- Creates national footprint with right to operate in 200+ facilities
across 17 states and territories.
- Strategically combines geographically complementary, like-minded,
market-leading multi-state operators focused on quality, operating
excellence and profitable growth.
- Positioned to compete in rapidly transforming industry due to
scale, commitment to localism, innovation, growth and superior product
mix portfolio.
- Recent acquisitions pave the way for expanded wholesale
distribution, national brands and infrastructure coast to coast
Company Website:
http://www.harvestinc.com
PHOENIX -- (Business Wire)
Harvest
Health & Recreation, Inc. (CSE:
HARV, OTCQX:
HRVSF) ("Harvest"), a vertically integrated and highly
diversified cannabis company with a strong financial and growth profile,
would become the largest multi-state operator (MSO) in the U.S.
following closing of a definitive agreement signed on April 22, 2019
(the "Business Combination Agreement") to acquire (the "Transaction")
Verano
Holdings, LLC ("Verano"), as previously announced by
press release dated March 11, 2019. Verano is one of the largest
privately held multi-state, vertically integrated licensed operators of
cannabis facilities with an extensive portfolio of premium branded
products.
Transaction Overview
Pursuant to the terms of the Business Combination Agreement,
securityholders of Harvest and Verano will become securityholders in the
combined company which will carry on the business of Harvest and Verano
(the "Resulting Issuer"). The Transaction will be carried
out by way of a plan of arrangement under the Business Corporations
Act (British Columbia) whereby, among other things: (i) Harvest
shareholders will exchange their shares in Harvest for equivalent
securities in the Resulting Issuer on a 1:1 basis, and (ii) Verano
securityholders will be issued a combination of subordinate voting
shares and multiple voting shares in the capital of the Resulting Issuer
in connection with the indirect exchange of their securities in Verano.
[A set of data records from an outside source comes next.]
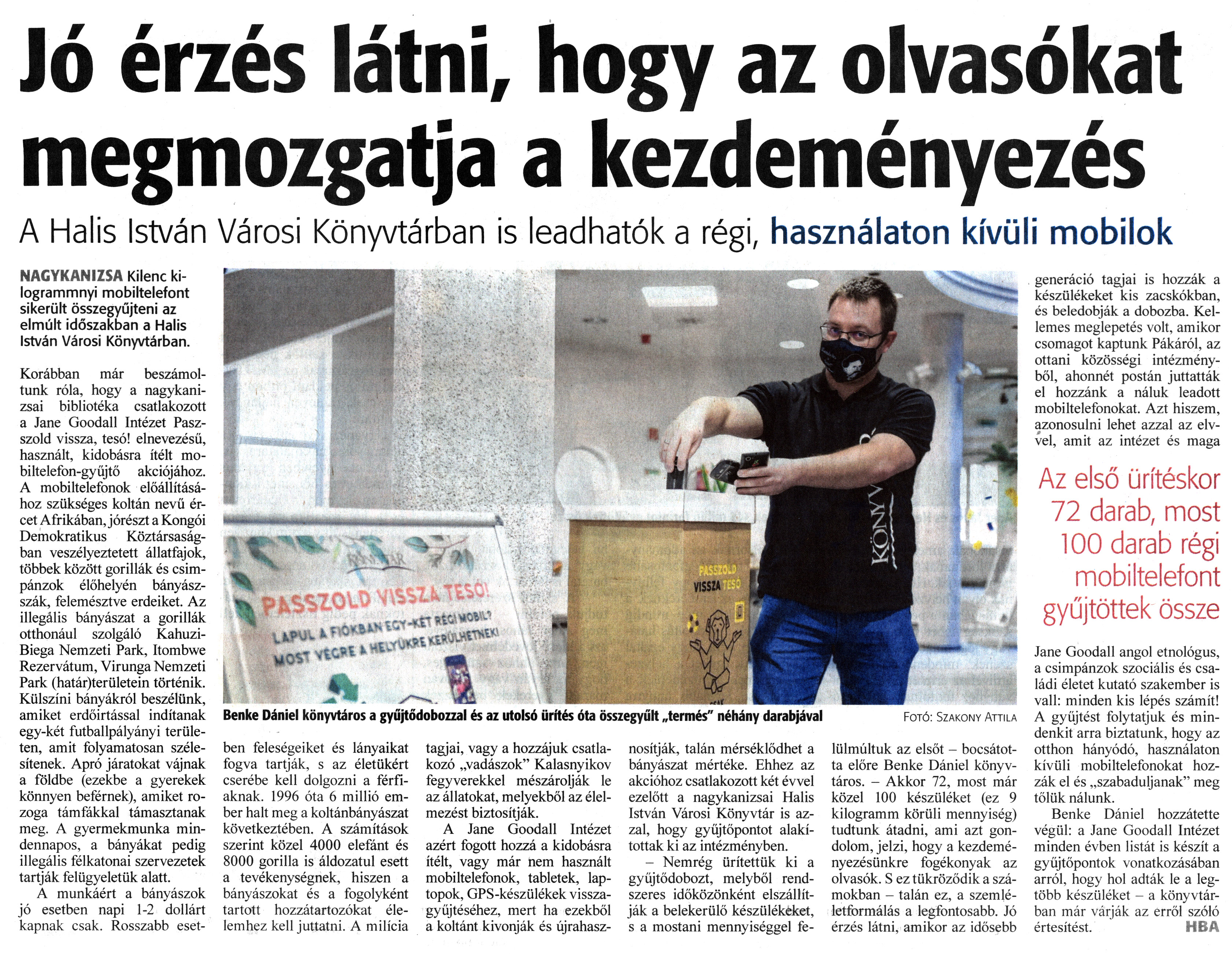 Nyilvános 1145 | 2189 | Zalai Hírlap 2021. december 21. 295. szám 5. oldal | Jó érzés látni, hogy az olvasókat megmozgatja a kezdeményezés A Halis István Városi Könyvtárban is leadhatók a régi, használaton kívüli mobilok NAGYKANIZSA Kilenc kilogrammnyi mobiltelefont sikerült összegyűjteni az elmúlt időszakban a Halis István Városi Könyvtárban. Korábban már beszámoltunk róla, hogy a nagykanizsai bibliotéka csatlakozott a Jane Goodall Intézet Passzold vissza, tesó! elnevezésű, használt, kidobásra ítélt mobiltelefon-gyűjtő akciójához. A mobiltelefonok előállításához szükséges koltán nevű ércet Afrikában, jórészt a Kongói Demokratikus Köztársaságban veszélyeztetett állatfajok, többek között gorillák és csimpánzok élőhelyén bányászszák, felemésztve erdeiket. Az illegális bányászat a gorillák otthonául szolgáló Kahuzi-Biega Nemzeti Park, Itombwe Rezervátum, Virunga Nemzeti Park határterületein történik. Külszíni bányákról beszélünk, amiket erdőirtással indítanak egy-két futballpályányi területen, amit folyamatosan szélesítenek. Apró járatokat vájnak a földbe (ezekbe a gyerekek könnyen beférnek), amiket rozoga támfákkal támasztanak meg. A gyermekmunka mindennapos, a bányákat pedig illegális félkatonai szervezetek tartják felügyeletük alatt. A munkáért a bányászok jó esetben napi 1-2 dollárt kapnak csak. Rosszabb esetben feleségeiket és lányaikat fogva tartják, s az életükért cserébe kell dolgozni a férfiaknak. 1996 óta 6 millió ember halt meg a koltánbányászat következtében. A számítások szerint közel 4000 elefánt és 8000 gorilla is áldozatul esett a tevékenységnek, hiszen a bányászokat és a fogolyként tartott hozzátartozókat élelemhez kell juttatni. A milícia tagjai, vagy a hozzájuk csatlakozó „vadászok" Kalasnyikov fegyverekkel mészárolják le az állatokat, melyekből az élelmezést biztosítják. A Jane Goodall Intézet azért fogott hozzá a kidobásra ítélt, vagy már nem használt mobiltelefonok, tabletek, laptopok, GPS-készülékek visszagyűjtéséhez, mert ha ezekből a koltánt kivonják és újrahasznosítják, talán mérséklődhet a bányászat mértéke. Ehhez az akcióhoz csatlakozott két évvel ezelőtt a nagykanizsai Halis István Városi Könyvtár is azzal, hogy gyűjtőpontot alakítottak ki az intézményben. - Nemrég ürítettük ki a gyűjtődobozt, melyből rendszeres időközönként elszállítják a belekerülő készülékeket, s a mostani mennyiséggel felülmúltuk az elsőt - bocsátotta előre Benke Dániel könyvtáros. - Akkor 72, most már közel 100 készüléket (ez 9 kilogramm körüli mennyiség) tudtunk átadni, ami azt gondolom, jelzi, hogy a kezdeményezésünkre fogékonyak az olvasók. S ez tükröződik a számokban - talán ez, a szemléletformálás a legfontosabb. Jó érzés látni, amikor az idősebb generáció tagjai is hozzák a készülékeket kis zacskókban, és beledobják a dobozba. Kellemes meglepetés volt, amikor csomagot kaptunk Pákáról, az ottani közösségi intézményből, ahonnét postán juttatták el hozzánk a náluk leadott mobiltelefonokat. Azt hiszem, azonosulni lehet azzal az elvvel, amit az intézet és maga Jane Goodall angol etnológus, a csimpánzok szociális és családi életet kutató szakember is vall: minden kis lépés számít! A gyűjtést folytatjuk és mindenkit arra biztatunk, hogy az otthon hányódó, használaton kívüli mobiltelefonokat hozzák el és „szabaduljanak" meg tőlük nálunk. Benke Dániel hozzátette végül: a Jane Goodall Intézet minden évben listát is készít a gyűjtőpontok vonatkozásában arról, hogy hol adták le a legtöbb készüléket - a könyvtárban már várják az erről szóló értesítést. HBA Benke Dániel könyvtáros a gyűjtődobozzal és az utolsó ürítés óta összegyűlt „termés" néhány darabjával Fotó: Szakony Attila |
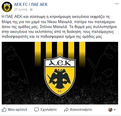 «Η ΠΑΕ ΑΕΚ και σύσσωμη η κιτρινόμαυρη οικογένεια εκφράζει τη θλίψη της για τον χαμό του Νίκου Μανωλά, πατέρα του παλαίμαχου άσου της ομάδας μας, Στέλιου Μανωλά. Τα θερμά μας συλλυπητήρια στην οικογένεια του εκλιπόντος από τη διοίκηση, τους παλαίμαχους ποδοσφαιριστές και το ποδοσφαιρικό τμήμα της ομάδας μας».
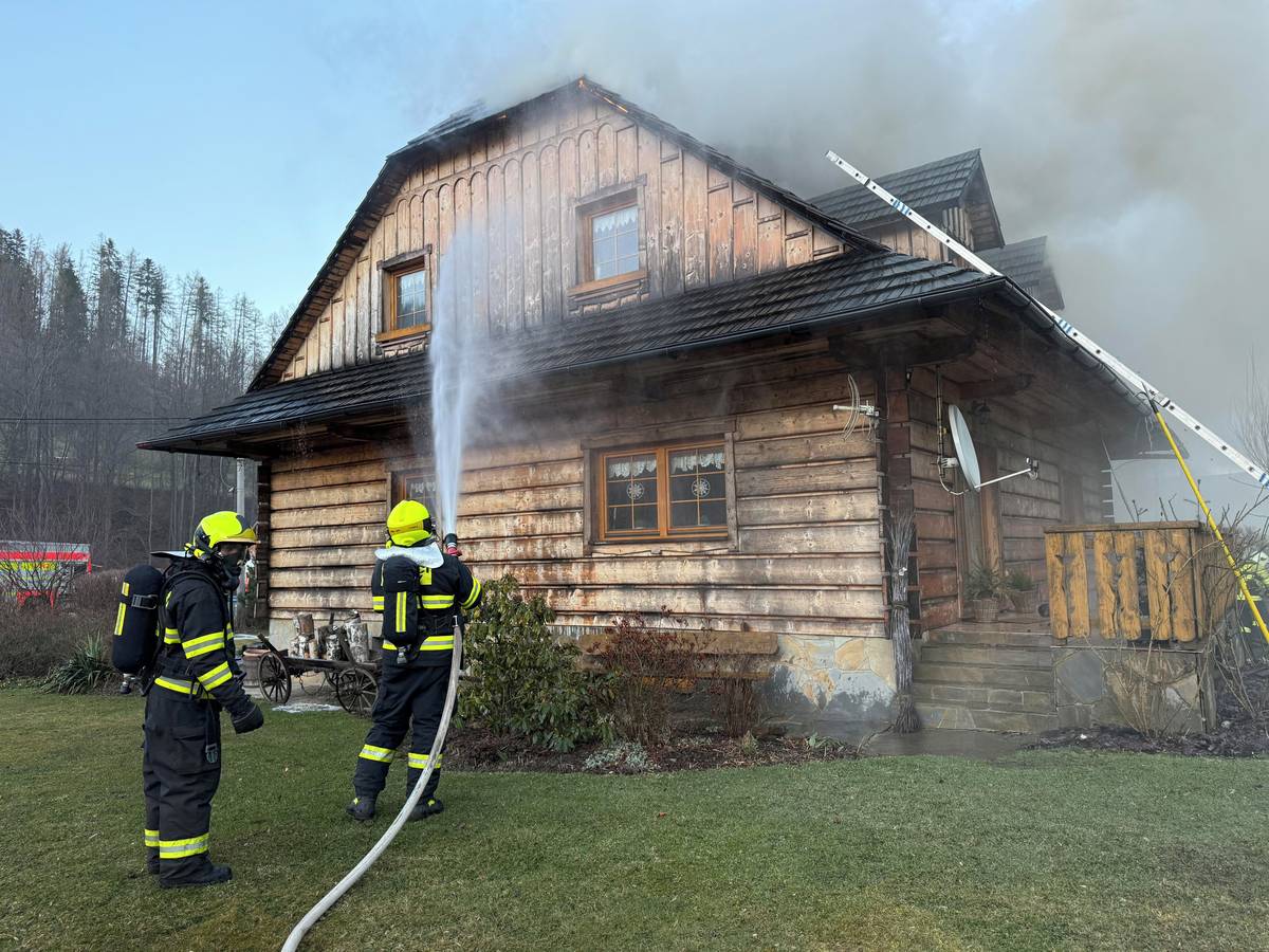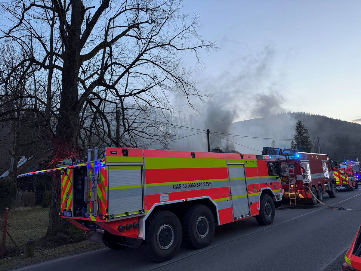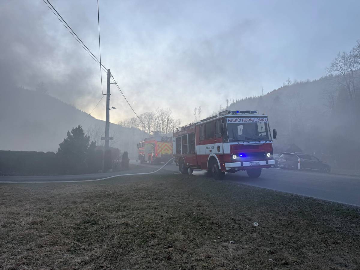 Hasiči likvidují požár rodinného domu v Dolní Lomné.

The all-stock Transaction has an implied total acquisition cost of
approximately USD $850 million, based on a Harvest share price of CND
$8.79. In addition, the Transaction will include completion of various
Verano pipeline acquisitions, with a combined value of approximately USD
$36 million, additional pipeline acquisitions that are in negotiations
and may include certain entities that are ancillary to Harvest’s
business, payable in shares of the Resulting Issuer.
In connection with the Transaction, an application will be made to list
the Resulting Issuer's subordinate voting shares for trading on the
Canadian Securities Exchange (the "CSE").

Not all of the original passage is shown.